When you question the motive for this,you don't get a thought out reply,you are immediately accused of being a Philistine, or part of the cultural cringe brigade.

My wife and I like a bit of high brow culture,and when we attend an opera,and me with my blue denim shirt on Well!Or though If I was single it would have it's advantages,I have seen a couple of well educated ladies with eyes only for my stubby shorts.ha ha.

The high culture end of town blogs are much the same,brother don't tell them your a plumber or brickey they will automatically assume you are as thick as two short planks,especially if you are a chippy.ha ha.

Best wishes.

Daniel said...

On that note, Phill, I submitted a comment once to Sarsaparilla that a person could succeed as a writer without having read Chaucer in the original. Some kind lady with a Ph.D told me to give up my ambition to be a writer.

Her advice came a little late because I'd already been there and done that, quite successfully! Some folk do adopt all manner of airs and graces.

Without our clothes we are all the same! Shockin' ugly.

Phill said...

Without our clothes we are all the same! Shockin' ugly.

Yes indeed we all are.especially me,I have wrinkles on my bum that look like road maps.If you look close you can find your way to "Old Holborn" on it.

I believe that cultural elites exist,I mean,why wouldn't I ? I have only been on the planet for well over five decades.

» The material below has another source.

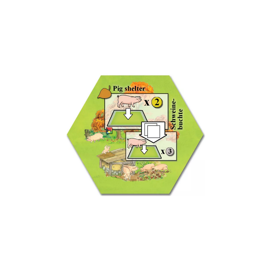 Une nouvelle tuile de village pour le jeu Keyflower. La tuile Pig Selter fait écho à la tuile Sheep Shelter incluse dans Keyflower: The Farmers. Les cochons placés dans le champ formé par cette tuile peuvent être affectés à l'abri à cochons. À la fin de la partie, chaque cochon affecté rapporte le nombre de points indiqué.
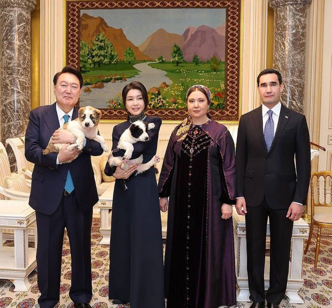 Сердар Бердимуҳаммедов айни пайтда Туркманистонда бўлиб турган Жанубий Корея Президенти Юн Сок Ёль ва унинг рафиқасига алабай итларини совға қилган. Шундан сўнг президентлар ва уларнинг рафиқалари биргаликда суратга тушишган.

Daniel I don't have a problem with all academics,I don't call my local sparky if I need a triple by pass.It is mostly in the, as you have said "airs and graces" that angers me.

My brother is a Viet Nam vet,he went on to join the S.A.S. regiment with honors.(If you doubt my honesty I will send you our name via e. mail?) Anyhoo he fronts up to a medical centre (Hollywood repat in Perth)cutting a long story short, a 25 yr old with a PhD sits him down and after a short interview,then goes on to write a long treatise about where he went wrong with his life.I kid you not.

As I said on the other blog academics are like a vet,handy if you have a pet.